## What to do
Write out the listing exactly, from its first line through the line holding "The image captures", but include none of the pictures.

## Material provided
⟨

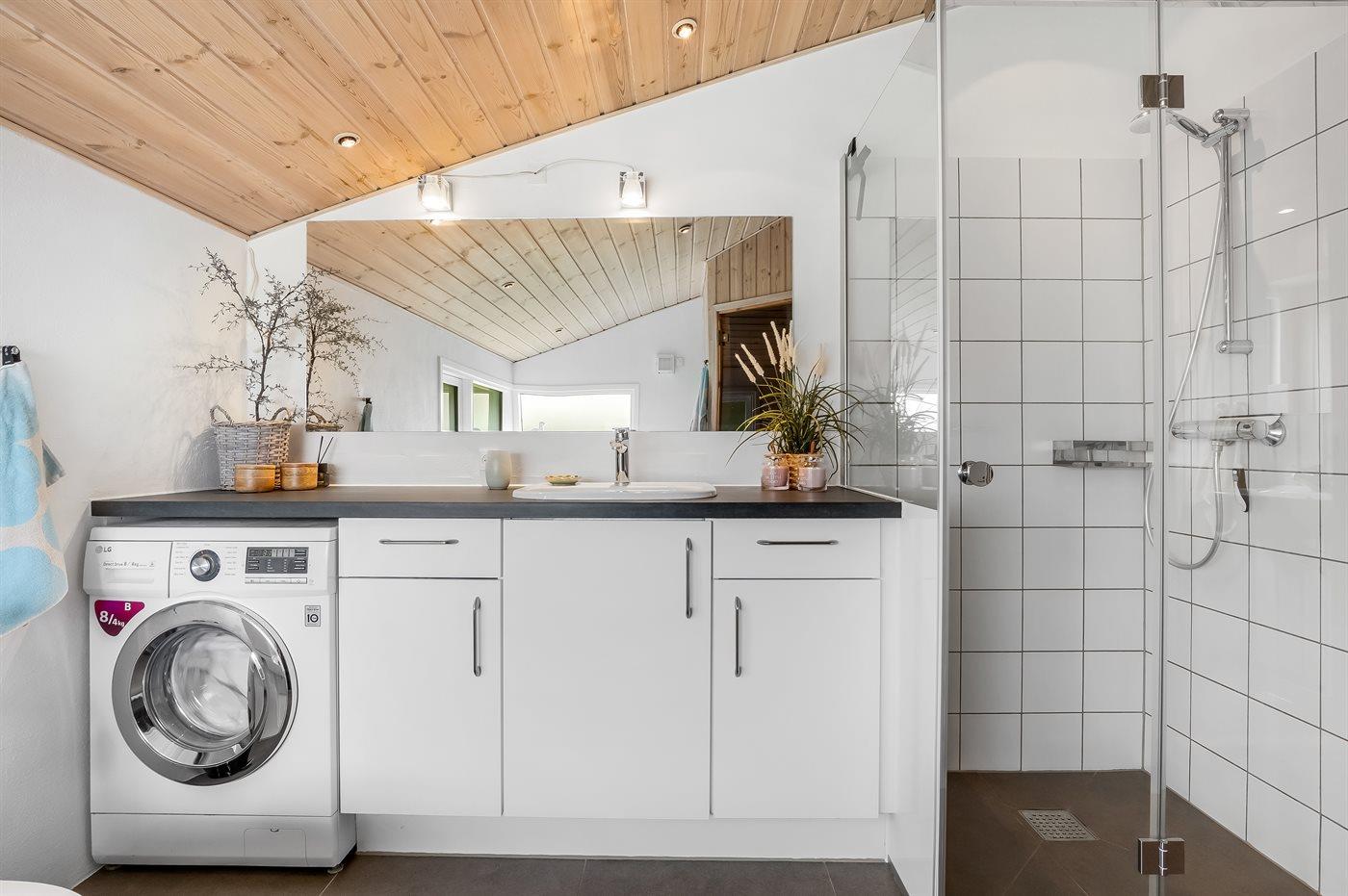 Der er 1 badeværelse med bruseniche og 2 toiletter, heraf 1 gæstetoilet. Der er gulvvarme på 1 badeværelse. I saunaen er der mulighed for afslapning.
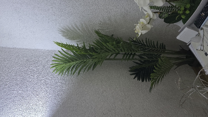 The image captures an indoor scene in the city of Belitsa, Bulgaria, specifically a room corner featuring light gray, textured walls. A tall, artificial palm-like plant with multiple green fronds stands in the corner, casting a distinct shadow on the right wall from an unseen light source to the left. To the immediate right of the palm-like plant, a decorative arrangement of artificial white orchids with green leaves is displayed within a white planter. On a surface below these plants, several items are arranged: a stack of white documents or papers, a small white electronic device or stand, a multi-headed charging cable (USB-C, Micro-USB, Lightning), and a black remote control. A silver, wire-like decorative object is partially visible on the lower left of the surface. No individuals, actions, or interactions are present.
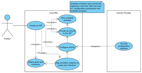 To develop the design, we elicited requirements through interviews with educational technology researchers from Portugal, Brazil, and the USA. These resulted in the identification of three user profiles, the Learning Designer, Teacher, and Student, and of a series of user stories, as detailed by Cruzeiro []. Serendipitously, it also generated the name for the new learning plan that was no longer restricted to game-based learning, the Inventive Activities Plan (IAP), exposing the ambition to support inventive learning theory (as mentioned in the Section 2).

⟩

## Task solution
 Der er 1 badeværelse med bruseniche og 2 toiletter, heraf 1 gæstetoilet. Der er gulvvarme på 1 badeværelse. I saunaen er der mulighed for afslapning.
 The image captures an indoor scene in the city of Belitsa, Bulgaria, specifically a room corner featuring light gray, textured walls. A tall, artificial palm-like plant with multiple green fronds stands in the corner, casting a distinct shadow on the right wall from an unseen light source to the left. To the immediate right of the palm-like plant, a decorative arrangement of artificial white orchids with green leaves is displayed within a white planter. On a surface below these plants, several items are arranged: a stack of white documents or papers, a small white electronic device or stand, a multi-headed charging cable (USB-C, Micro-USB, Lightning), and a black remote control. A silver, wire-like decorative object is partially visible on the lower left of the surface. No individuals, actions, or interactions are present.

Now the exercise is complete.